Stern only smiled, then answered:

“Well, I'll take my chances with 'em. Better a fight, say I, with my own kind, than solitude like this--you and I all alone, girl, getting old some time and dying with never a hand-clasp save perhaps such as it may please fate to give us from whatever children are to be. But come, come, girl. No time for gloomy speculations of trouble. In you get now, and off we go--westward bound again.”

Only half an hour out of Detroit it was that they first became aware of some strange disturbance of the horizon, some inexplicable appearance such as neither of them had ever seen, a phenomenon so peculiar that, though both observed it at about the same time, neither Stern could believe his own senses nor Beatrice hers.

For all at once it seemed to them the sky-line was drawing suddenly nearer; it seemed that the horizon was approaching at high speed.

The dark, untrodden forest mass still stretched away, away, until it vanished against the dim blue of the sky; but now, instead of that meeting-line being forty miles off, it seemed no farther than twenty, and minute by minute it indubitably was rushing toward them with a speed equal to their own.

Stern, puzzled and alarmed at this unusual sight, felt an impulse to slow, to swerve, to test the apparition in some way; but second thought convinced him it must be deception of some sort.

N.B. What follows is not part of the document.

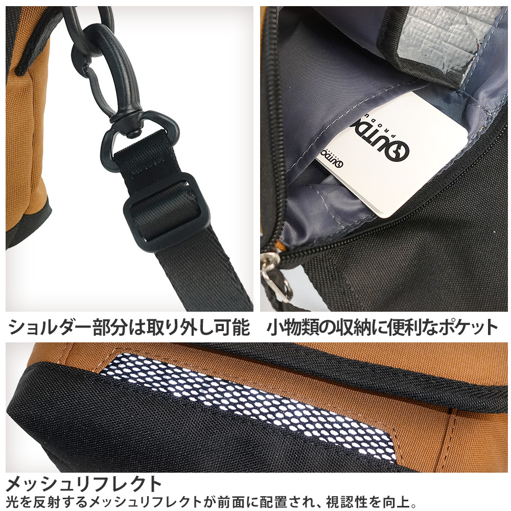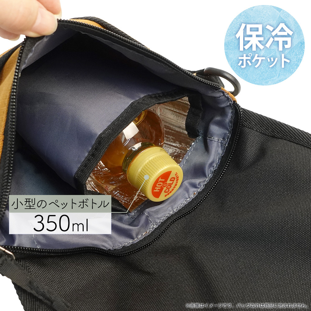 小型ペットボトルなどの飲料類を収納できる保冷ポケットを装備し、夏場の熱中症対策にも役立ちます。

“Some peculiar state of the atmosphere,” thought he, “or perhaps we're approaching a high ridge, on the other side of which lie clouds that cut away the farther view. Or else--no, hang it! the world seems to end right there, with no clouds to veil it--nothing, only--what?”

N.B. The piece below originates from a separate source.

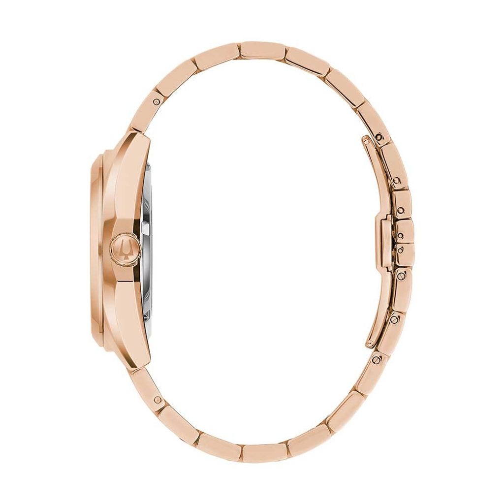Hodinky poháňa samonavíjací mechanický strojček Miyota 8215 s rezervou chodu približne 42 hodín. Strojček ponúka funkciu dátumu, ktorú nájdete na pozícii 3 hodín. Pre lepšiu čitateľnosť je sklíčko nad dátumovkou vybavené zväčšovacou lupou. Činnosť strojčeka je možné sledovať prostredníctvom skleneného eskapu. Puzdro hodiniek a náramok sú vyrobené z ušľachtilej ocele s povrchovou úpravou ružovým zlatom PVD. Náramok je zakončený jemným motýlikom. Hodinky budú skvele vyzerať aj na koženom remienku. Vodotesnosť hodiniek je 30 m, takže vydržia kontakt s vodou pri umývaní rúk, dážď.

He saw the girl pointing in alarm. She, too, was clearly stirred by the appearance.

What to do? Stern felt indecision for the first time since he had started on this long, adventurous journey. Shut off and descend? Impossible among those forests. Swing about and return? Not to be thought of. Keep on and meet perils perhaps undreamed of? Yes--at all hazards he would keep on.

And with a tightening of the jaw he drove the Pauillac onward, ever onward--toward the empty space that yawned ahead.

“End o' the world?” thought he. “All right, the old machine is good for it, and so are we. Here goes!”

CHAPTER XX. ON THE LIP OF THE CHASM

Very near, now, was the strange apparition. On, on, swift as a falcon, the plane hurtled. Stern glanced at Beatrice. Never had he seen her more beautiful. About her face, rosy and full of life, the luxuriant loose hair was whipping. Her eyes sparkled with this new excitement, and on her full red lips a smile betrayed her keen enjoyment. No trace of fear was there--nothing but confidence and strength and joy in the adventure.